ASSIGNED TASK:
Would you transcribe the records below from the line with "Pendentif en or" to the line with "深みのあるバーガンディカラー", ends included, exactly and with nothing more, leaving the pictures out?

DATA EXTRACTS:

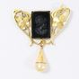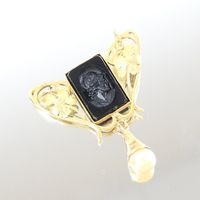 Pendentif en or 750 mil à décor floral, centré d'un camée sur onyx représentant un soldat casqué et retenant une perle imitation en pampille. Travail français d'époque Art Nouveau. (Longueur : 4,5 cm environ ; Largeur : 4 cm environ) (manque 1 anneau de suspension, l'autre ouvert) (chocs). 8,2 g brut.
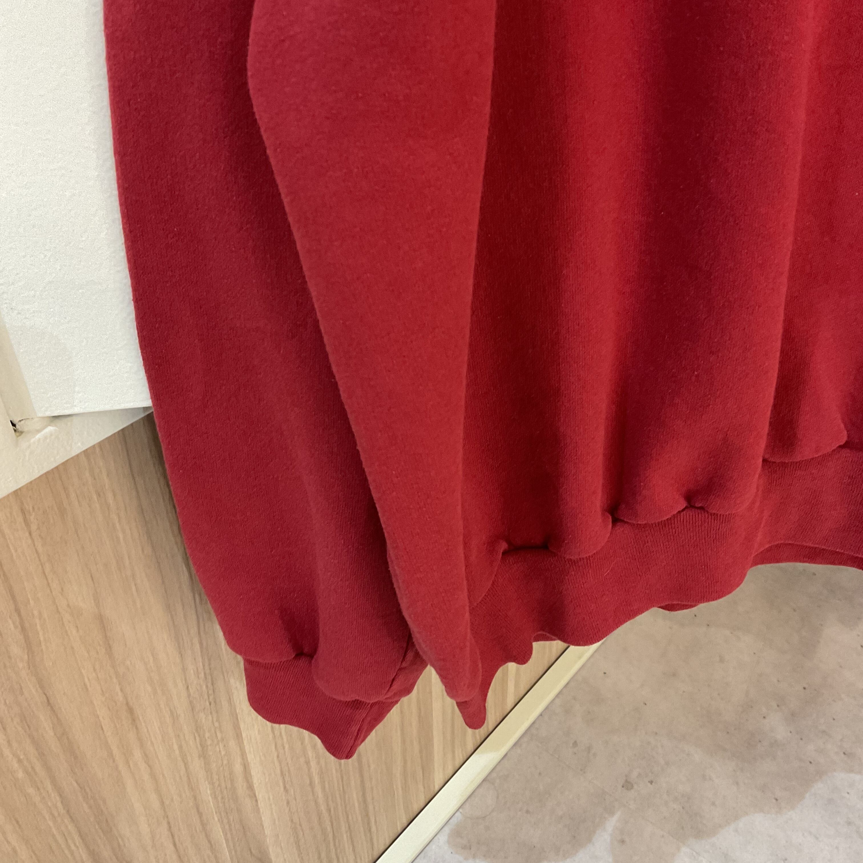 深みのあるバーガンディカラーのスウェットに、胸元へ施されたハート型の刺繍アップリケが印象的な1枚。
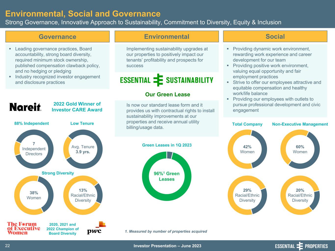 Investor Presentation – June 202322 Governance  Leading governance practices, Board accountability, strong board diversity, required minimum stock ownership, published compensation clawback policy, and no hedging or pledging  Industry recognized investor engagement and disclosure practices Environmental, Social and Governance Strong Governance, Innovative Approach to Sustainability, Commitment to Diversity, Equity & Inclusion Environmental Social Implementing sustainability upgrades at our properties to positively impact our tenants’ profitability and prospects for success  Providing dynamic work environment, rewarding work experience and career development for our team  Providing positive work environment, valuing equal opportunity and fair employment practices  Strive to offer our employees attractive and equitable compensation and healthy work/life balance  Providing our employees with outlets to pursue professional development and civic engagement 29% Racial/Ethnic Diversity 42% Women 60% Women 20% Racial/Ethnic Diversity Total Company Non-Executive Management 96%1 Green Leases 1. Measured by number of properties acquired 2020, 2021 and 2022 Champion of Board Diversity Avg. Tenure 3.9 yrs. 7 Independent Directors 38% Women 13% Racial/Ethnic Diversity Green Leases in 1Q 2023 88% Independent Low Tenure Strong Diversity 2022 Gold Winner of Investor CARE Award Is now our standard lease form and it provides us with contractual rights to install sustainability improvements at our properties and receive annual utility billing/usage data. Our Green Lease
--
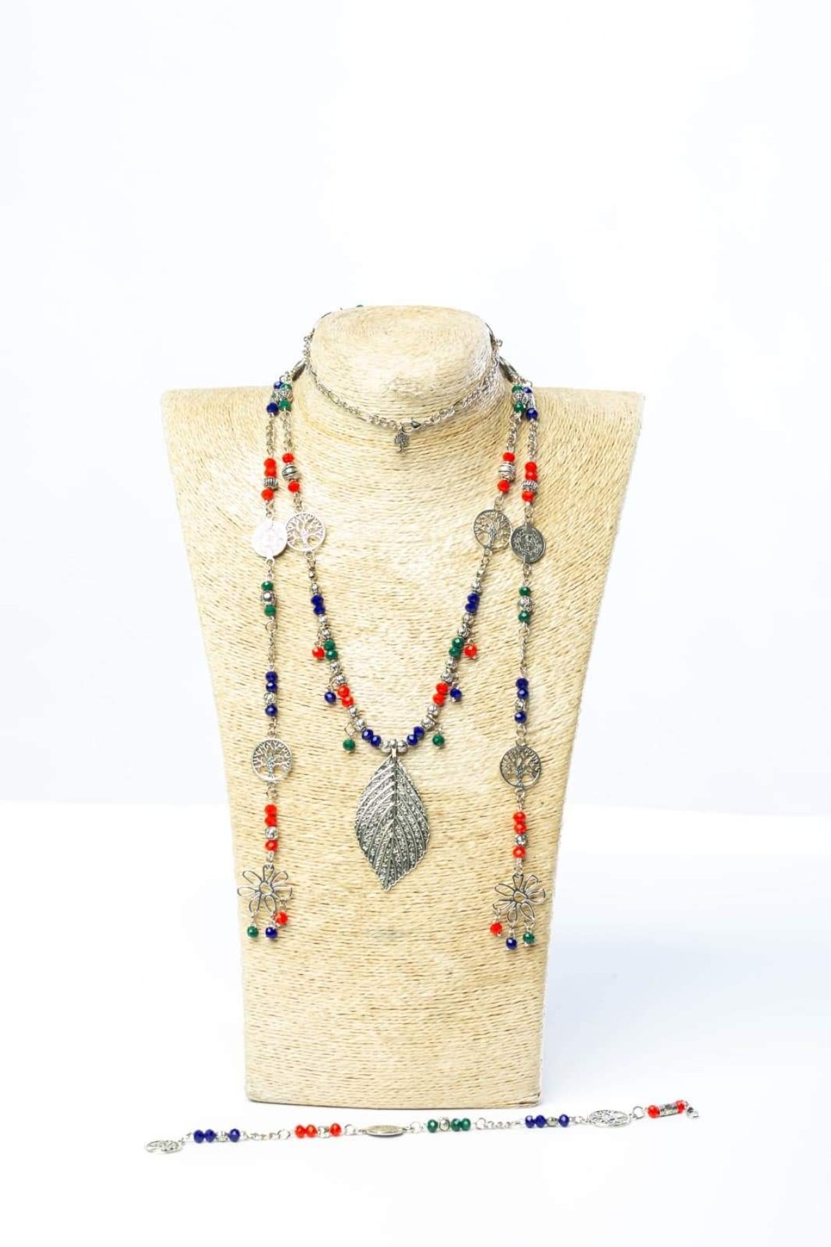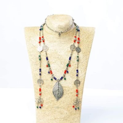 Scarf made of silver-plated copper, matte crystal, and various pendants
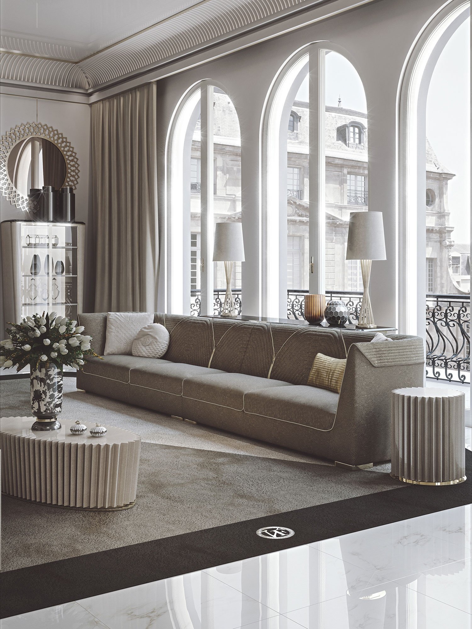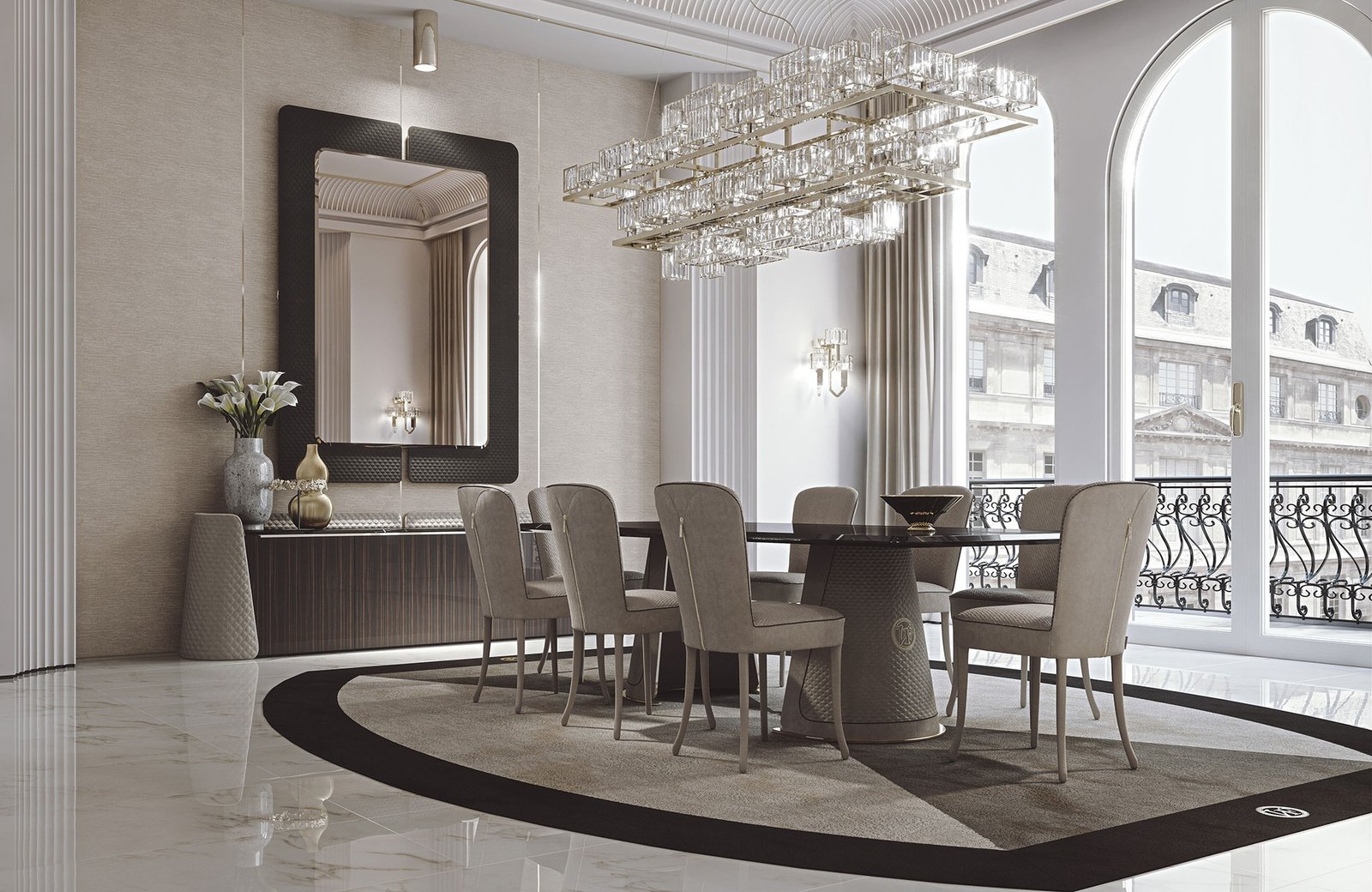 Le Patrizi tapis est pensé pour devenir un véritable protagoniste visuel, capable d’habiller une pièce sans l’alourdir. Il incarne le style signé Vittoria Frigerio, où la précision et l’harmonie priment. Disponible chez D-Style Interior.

RESPONSE TO THIS TASK:
 Pendentif en or 750 mil à décor floral, centré d'un camée sur onyx représentant un soldat casqué et retenant une perle imitation en pampille. Travail français d'époque Art Nouveau. (Longueur : 4,5 cm environ ; Largeur : 4 cm environ) (manque 1 anneau de suspension, l'autre ouvert) (chocs). 8,2 g brut.
 深みのあるバーガンディカラーのスウェットに、胸元へ施されたハート型の刺繍アップリケが印象的な1枚。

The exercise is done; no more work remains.